▸ Assigned task
Please keep the images out and set down the data exactly as given.
# # # #
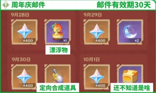 周六(9月28日)会发放周年庆右键,在邮件发放后的30天内有效。
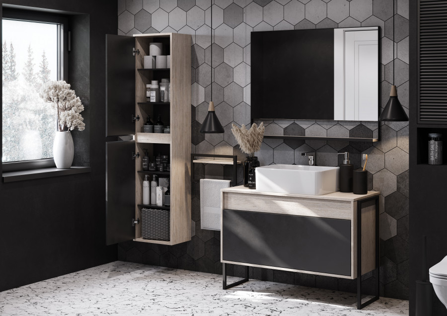 Полка Aquaton Лофт Урбан 400x110x215 черный матовый, дуб орегон (1.A255.4.03L.QX5.0)
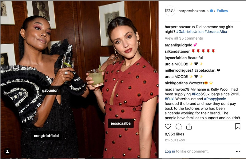 Màn đọ sắc trên thảm đỏ sự kiện giữa Gabrielle Union và Jessica Alba đã được trang Harper’s BAZAAR Mỹ đưa tin trên Instagram để khen ngợi.
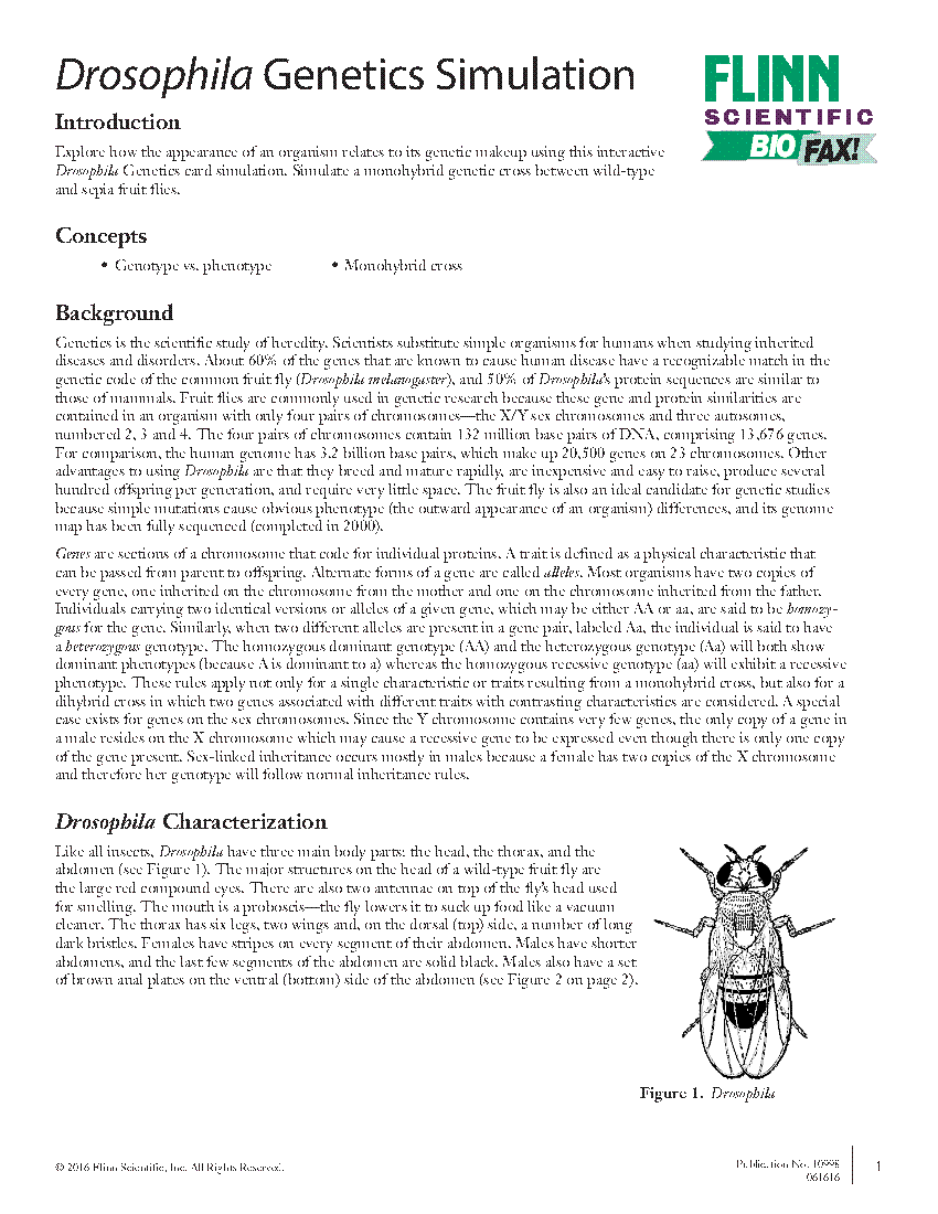 Drosophila Simulation Flinn Scientific
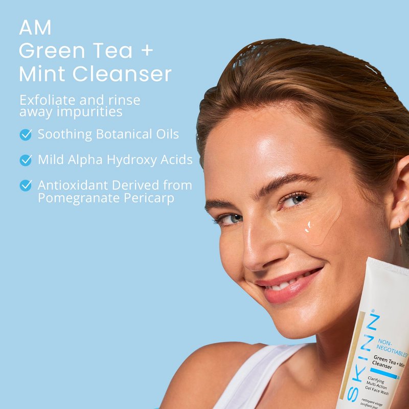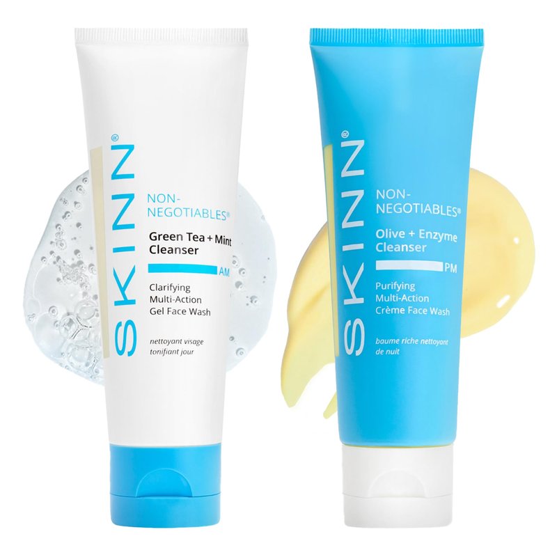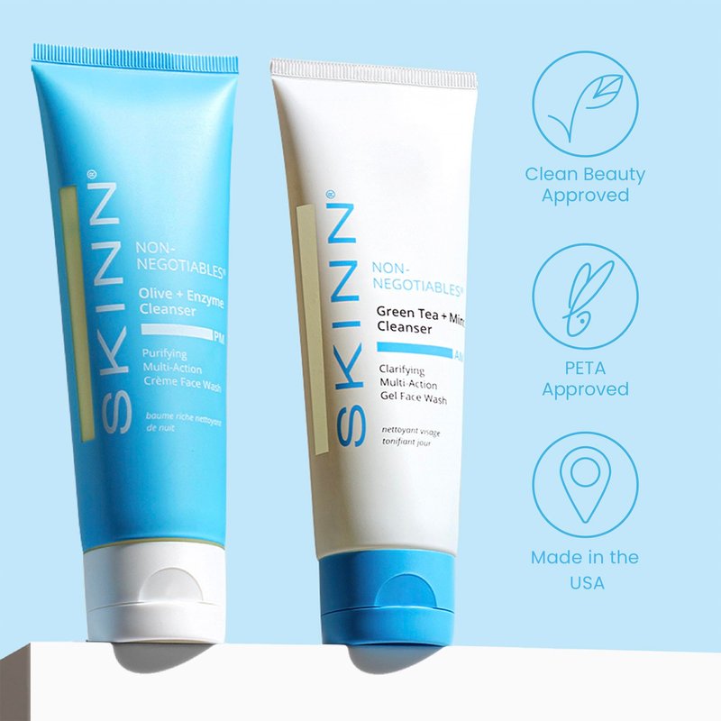 - AM + PM Facial Cleanser: This SKINN Green Tea + Mint Cleanser and Olive + Enzyme Cleanser Duo is a refreshing morning and soothing night time treatment that will leave your skin feeling clean around the clock. Includes (1) 4.0oz tube of Olive + Enzyme Cleanser and (1) 4.0oz tube of Green Tea + Mint Cleanser.
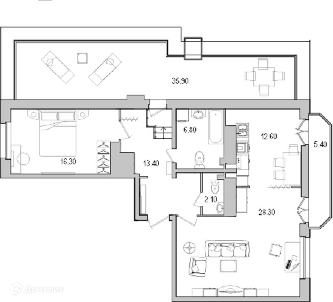 Квартира имеет просторную площадь и продуманную планировку, что позволит вам воплотить в жизнь самые смелые дизайнерские идеи. Особенностью данной квартиры является наличие собственной террасы площадью 35,9 м2, что позволит организовать отличное место для отдыха с видом на город.
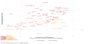 Figure 1 demonstrates the connection between autocratisation and the spread of government-led disinformation. The vertical axis shows domestic disinformation levels disseminated by governments, while the horizontal axis reflects disinformation scores measured prior to the beginning of democratisation or autocratisation episodes (which vary by country and year). Only nations that underwent regime changes are displayed, labeled as “autocratising” or “democratising” in 2023. Although descriptive in nature, the figure indicates that states experiencing autocratisation tend to exhibit higher levels of state-driven disinformation.
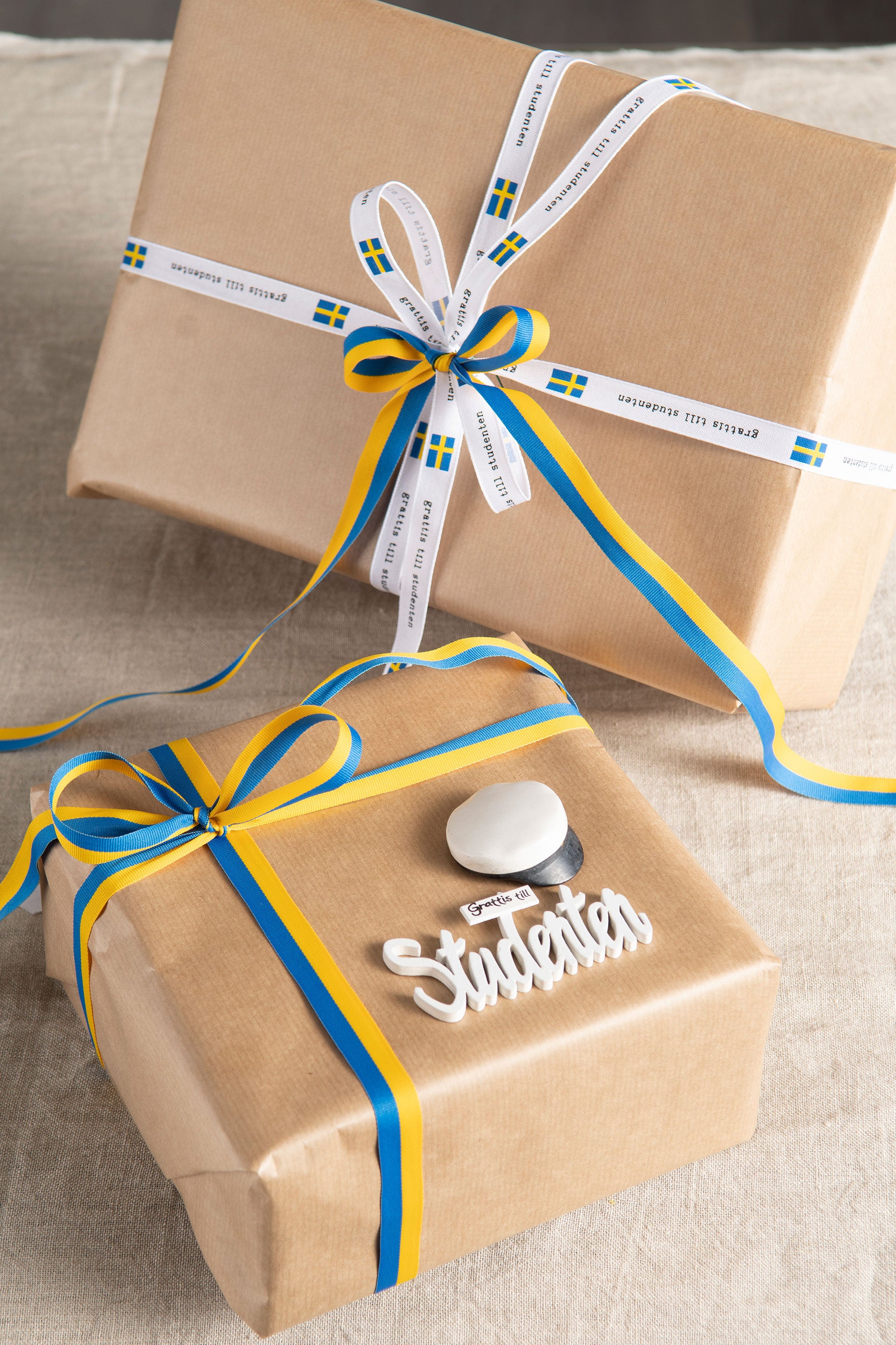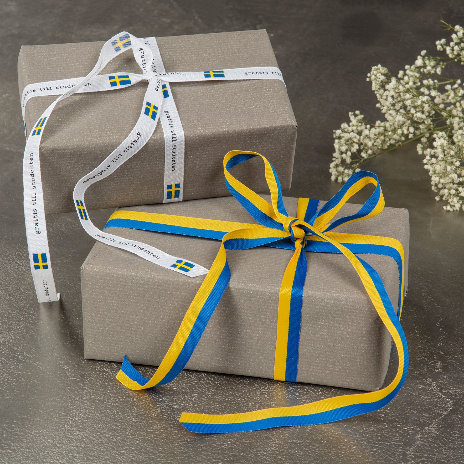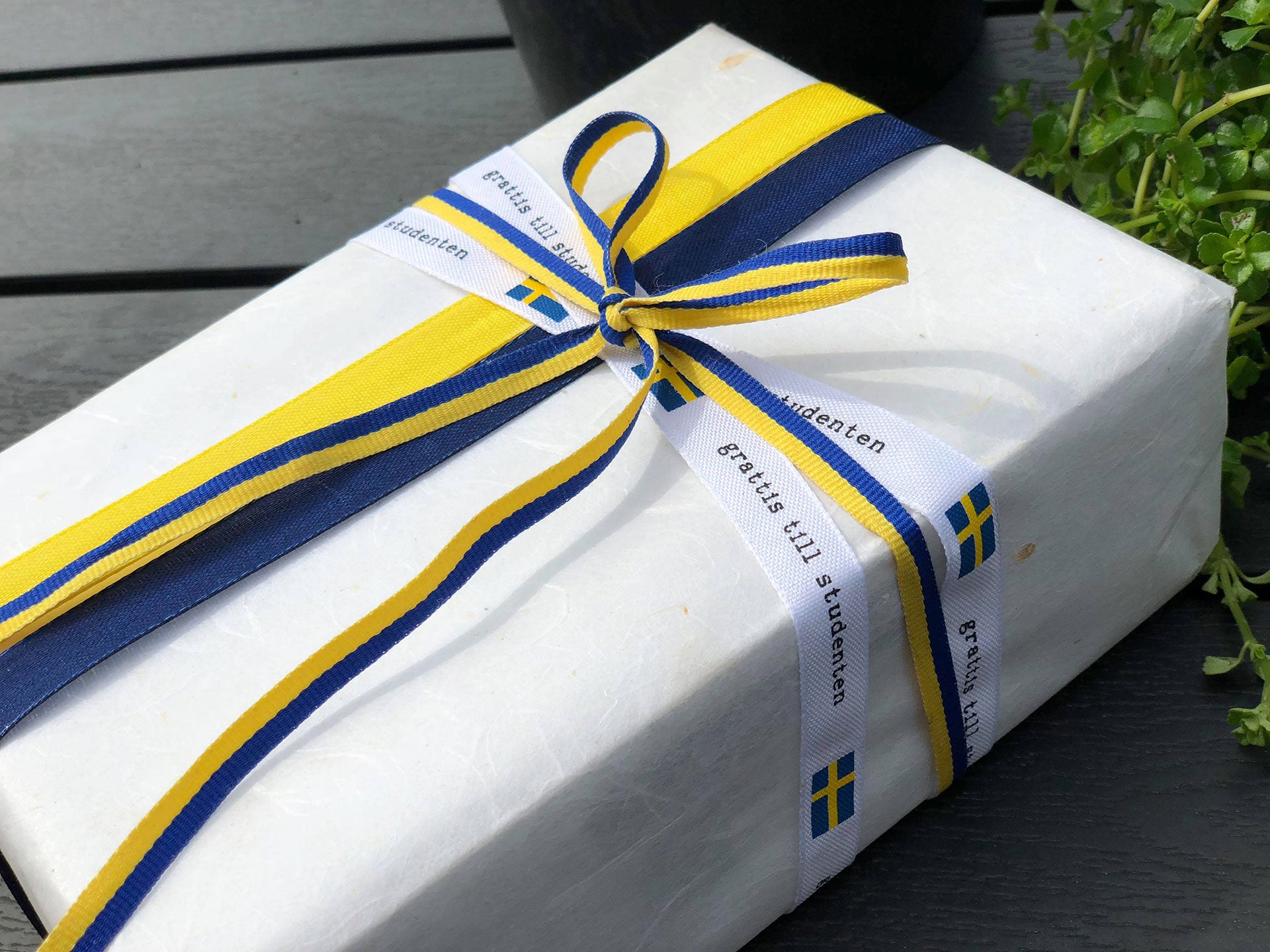 Blågult dekorationsband i textil som också är vattentätt. Perfekt för studentpresenten eller runt buketten.
# # # #
▸ Solution below
 周六(9月28日)会发放周年庆右键,在邮件发放后的30天内有效。
 Полка Aquaton Лофт Урбан 400x110x215 черный матовый, дуб орегон (1.A255.4.03L.QX5.0)
 Màn đọ sắc trên thảm đỏ sự kiện giữa Gabrielle Union và Jessica Alba đã được trang Harper’s BAZAAR Mỹ đưa tin trên Instagram để khen ngợi.
 Drosophila Simulation Flinn Scientific
 - AM + PM Facial Cleanser: This SKINN Green Tea + Mint Cleanser and Olive + Enzyme Cleanser Duo is a refreshing morning and soothing night time treatment that will leave your skin feeling clean around the clock. Includes (1) 4.0oz tube of Olive + Enzyme Cleanser and (1) 4.0oz tube of Green Tea + Mint Cleanser.
 Квартира имеет просторную площадь и продуманную планировку, что позволит вам воплотить в жизнь самые смелые дизайнерские идеи. Особенностью данной квартиры является наличие собственной террасы площадью 35,9 м2, что позволит организовать отличное место для отдыха с видом на город.
 Figure 1 demonstrates the connection between autocratisation and the spread of government-led disinformation. The vertical axis shows domestic disinformation levels disseminated by governments, while the horizontal axis reflects disinformation scores measured prior to the beginning of democratisation or autocratisation episodes (which vary by country and year). Only nations that underwent regime changes are displayed, labeled as “autocratising” or “democratising” in 2023. Although descriptive in nature, the figure indicates that states experiencing autocratisation tend to exhibit higher levels of state-driven disinformation.
 Blågult dekorationsband i textil som också är vattentätt. Perfekt för studentpresenten eller runt buketten.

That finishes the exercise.